When the discussion turns from attempting to solve the OPs problem, to either a pissing contest or a witch hunt, participating further is of little purpose.

The reason you got results more to your liking is purely due to computing 0.000035 using repeated additions rather than using the constant 0.000035 directly.

So, what you are saying is, my "mistake" (or "cheat") was that I used numbers for (shock horror!) computation.

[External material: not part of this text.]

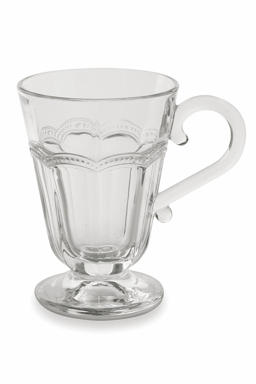 La linea Duchessa sorprende, ancora una volta, con dei bicchieri originali e unici. Si arricchiscono di un'impugnatura laterale capace di trasformarli in sontuose tazze ideali per servire infusi e tisane. L'eleganza tradizionale dei piatti rivive attraverso il vetro e i suoi raffinati decori.

Obviously, the affect of the float point processors rounding mode will only have a significant affect if you actually perform some -- ta-da! -- floating point calculations.

I guess you could term sprintf "%.5f", '0.000035'; a calculation, but given that '0.00004'; is just easier and clearer, you have to wonder at the purpose.

Rounding (and the effects of rounding mode upon it) only becomes meaningful when outputting the results of a computation. And it isn't just addition, it is all operations.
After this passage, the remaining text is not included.